Eighteen months ago, Baitullah Mehsud, the leader of the largest Taliban group in Pakistan, had three Shia soldiers beheaded.

He was later blamed for the assassination of the former prime minister Benazir Bhutto, also a Shia.

"It would be wrong to call this a sectarian blast," Amir said.

"That would mean rival sects playing it out against each other. But this is a Taliban terrorist attack."

Violence once confined to the north-west frontier province is spreading deeper into Pakistan.

The suicide bombing in Islamabad last night was the second attack on security forces in the capital in a fortnight.

On 23 March, a bomber attacked a police station in the city.

The attacker struck after dark, sneaking into a roadside camp occupied by paramilitary soldiers in the upmarket E7 neighbourhood – inhabited by ministers, diplomats and senior civil servants – before blowing himself up. Eight people died.

Two others attackers fled the scene, firing guns, according to reports. Businesses closed early, giving the city a deserted look.
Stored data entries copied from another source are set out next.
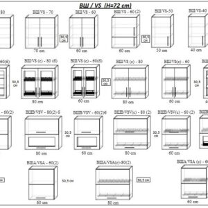 - Inălțimea dulapurilor superioare standard 72 cm.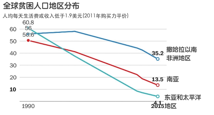 数据显示,东亚和太平洋地区的脱贫速度最快。1990年这些地区有60%多一点的人口生活在贫穷中,而今天这一比例估计仅为4.1%。南亚地区也有显著进步,贫穷人口从51%下降到了13.5%。撒哈拉以南的非洲仍然是贫困现象最为严重的地区。在那里,35.2%的人口每天生活费不足1.9美元。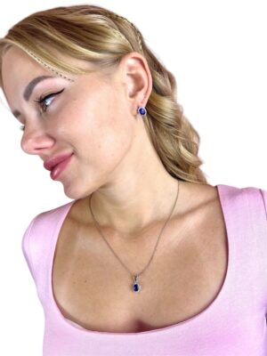 Pırlanta Çerçeveli Safir Taş Altın Set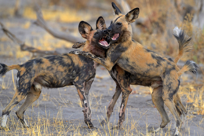 В дикой природе у гиеновидных собак два основных врага: львы и гиены.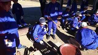 午前中の活動は塩作り・つぼ焼き芋作りです。海岸で汲んだ海水を直火で煮詰めて塩を作ります。1リットルの海水からとれる塩は約3グラム。薪に火が点かずに苦労した班もありましたが、大部分の水が蒸発して水が白く濁ってくると、あとはあっという間に塩がわき出るように出来てきます。さつまいもも美味しく焼き上がりました。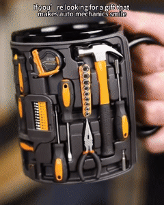 Unohda tylsät ja yksinkertaiset kupit, joista puuttuu persoonallisuus. Realistinen työkalupakin muotoilu kunnioittaa hänen kovaa työtään, jolloin hänen aamukahvinsa tuntuu ansaitulta palkinnolta.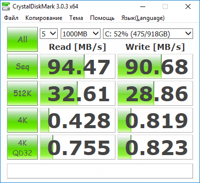 Утилита CrystalDiskMark демонстрирует аналогичный результат.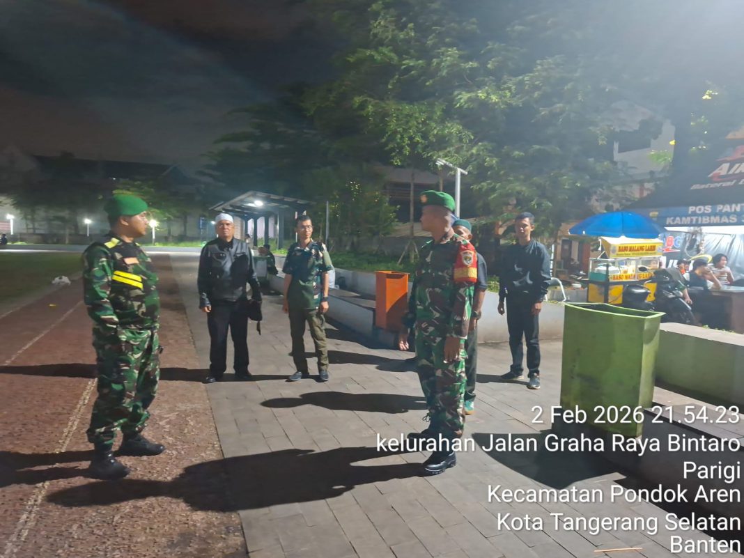 TANGERANG, The East Indonesia – Guna menjaga ketat keamanan, ketertiban masyarakat (Kamtibmas) di wilayah seputaran Kota Tangerang dan Kota Tangsel, anggota Babinsa Kiramil 06 Cibodas dan Koramil 07 Pondok Aren Kodim 0506/Tgr bersatu melakukan patroli dan kegiatan satkamling untuk jaga malam, agar warga merasa tenang dan nyaman.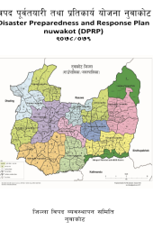 The district's preparedness and reaction for disasters, including prior catastrophe studies, risk assessments, and mapping, are outlined in the "Disaster Preparedness and Response Plan Nuwakot, 2021". The disaster preparedness and response plan outlines key objectives aimed at mitigating the impact of disasters. It begins with a detailed description of the disaster risk situation, including an overview of past disasters, existing policies, and institutional arrangements. The plan analyzes major and priority disasters, conducts a general disaster assessment, and maps potential impact areas. It also includes a comprehensive disaster risk assessment and vulnerability analysis, along with forecasting to anticipate future events. The plan identifies the roles of concerned organizations and presents a general preparedness strategy, as well as a detailed emergency response plan covering all thematic areas for actions during and after disasters. Finally, the plan includes an implementation strategy to ensure effective execution of preparedness and response measures.

Last week, Mehsud claimed responsibility for an eight-hour assault on a police training centre in Lahore in which eight cadets and at least four militants were killed.

Meanwhile, the tempo of violence in the ungoverned tribal belt continued to rise over the weekend.

Early yesterday morning, a presumed US drone fired missiles at a militant hideout in North Waziristan. At least 13 people, including some foreign militants, were killed.

Hours later, a suicide bomber crashed an explosives-filled car into a nearby military checkpost in an apparent retaliation attack, killing at least 17 people including five children.

In another incident, police in the western Baluchistan province discovered 50 dead bodies and about 60 unconscious Afghans inside a truck container that had crossed the Afghan border.

The victims, mostly of Uzbek, Tajik and Hazara origin, had suffocated. They were trying to travel to Europe illegally via Iran.

John Solecki, a UN official who was freed on Saturday night after two months in captivity at the hands of Baluch rebels, was flown out of Pakistan.

Solecki, who works for the UN high commissioner for refugees, was found lying on the roadside with his hands and feet bound, the man who discovered him told the Associated Press.